How to Use LiteParse in a WASM/Browser Environment with Custom OCR Callbacks

LiteParse ships a WebAssembly (WASM) package that runs the full PDF parsing pipeline directly in the browser, delegating OCR through a JavaScript callback bridge that invokes an async recognize(imageData, width, height, language) method on any object you provide.

The run-llama/liteparse repository provides a WASM build that mirrors the Node.js API, allowing you to parse PDFs client-side without native binaries. When running in the browser, the parser uses a JsOcrEngine bridge to forward OCR requests to JavaScript, enabling you to plug in any OCR library or service while keeping the core parsing logic in Rust.

How the WASM OCR Bridge Works

Inside crates/liteparse-wasm/src/lib.rs, the JsOcrEngine struct implements the Rust OcrEngine trait by forwarding calls to a JavaScript object. When the core parser encounters a page requiring OCR, the bridge:

  1. Packs the raw PNG bytes into a Uint8Array (lines 1999-2003).
  2. Invokes your JavaScript object's recognize method via Reflect::get and Function::apply (lines 2006-2020).
  3. Awaits the returned Promise and decodes the result into a Rust Vec<OcrResult> (lines 2025-2439).
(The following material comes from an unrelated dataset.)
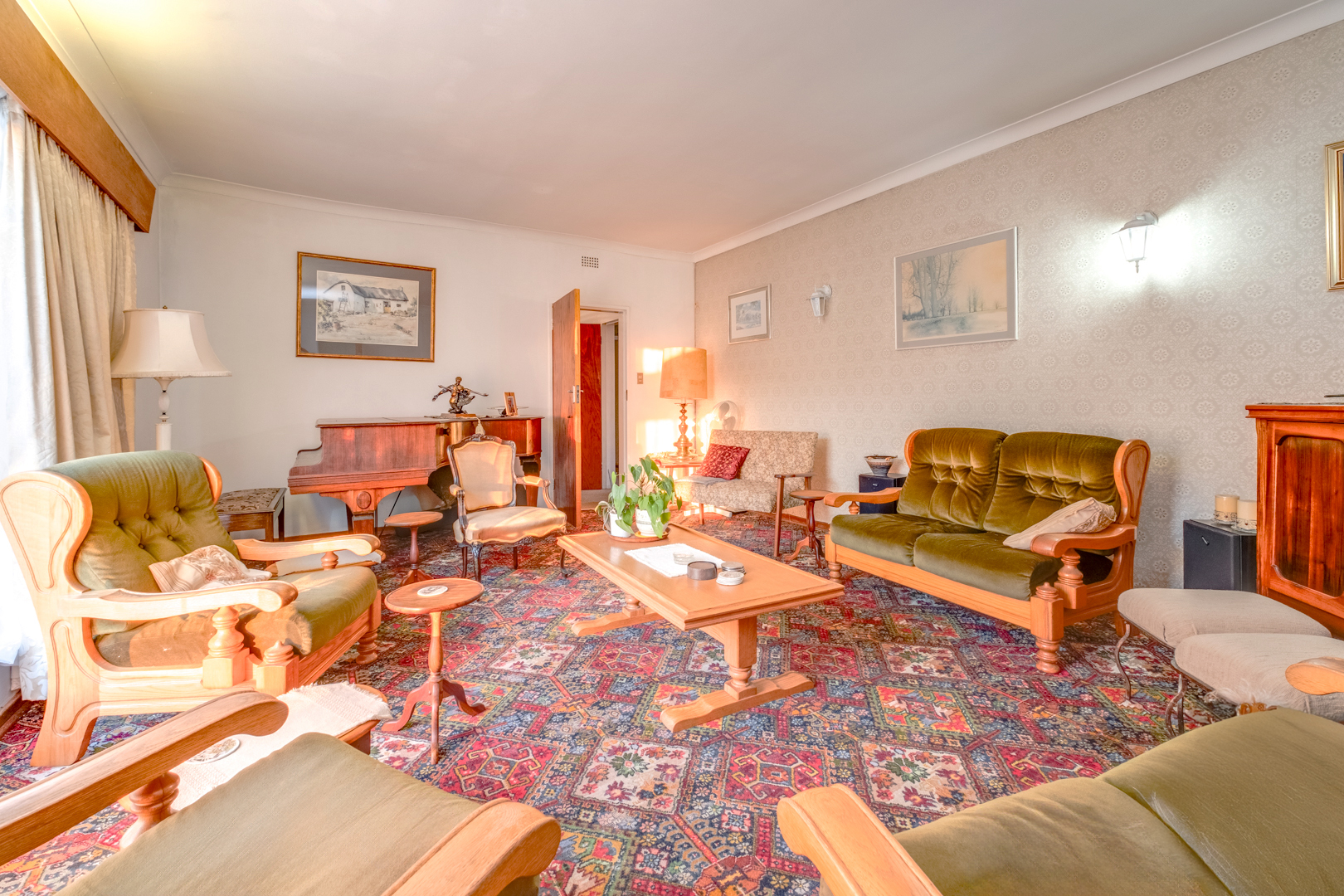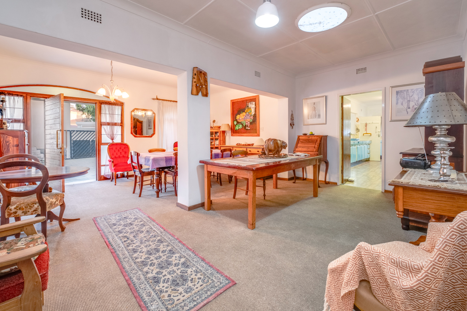 The entrance hall features carpet flooring with teak beneath, opening into a double living and dining area with a skylight.

This architecture means CoreLiteParse treats your JavaScript callback exactly like a native OCR engine, with the only difference being that execution happens in the main thread or a Web Worker you control.

Installation and Basic Setup

Install the WASM package from npm:

npm install @llamaindex/liteparse-wasm

Initialize the module and create a parser instance. The init() function loads the WASM module and prepares the runtime:

import init, { LiteParse } from '@llamaindex/liteparse-wasm';

async function run() {
  // Load the WASM runtime
  await init();

  // Create parser without OCR
  const parser = new LiteParse({
    ocrEnabled: false,
    outputFormat: 'json',
  });

  const bytes = new Uint8Array(await file.arrayBuffer());
  const result = await parser.parse(bytes);
  
  console.log('Full text:', result.text);
  console.log('Pages:', result.pages);
}

Implementing Custom OCR Callbacks

To enable OCR in the browser, provide a JavaScript object with an async recognize method in your configuration. The method receives PNG-encoded image data and must return an array of recognition results with bounding boxes.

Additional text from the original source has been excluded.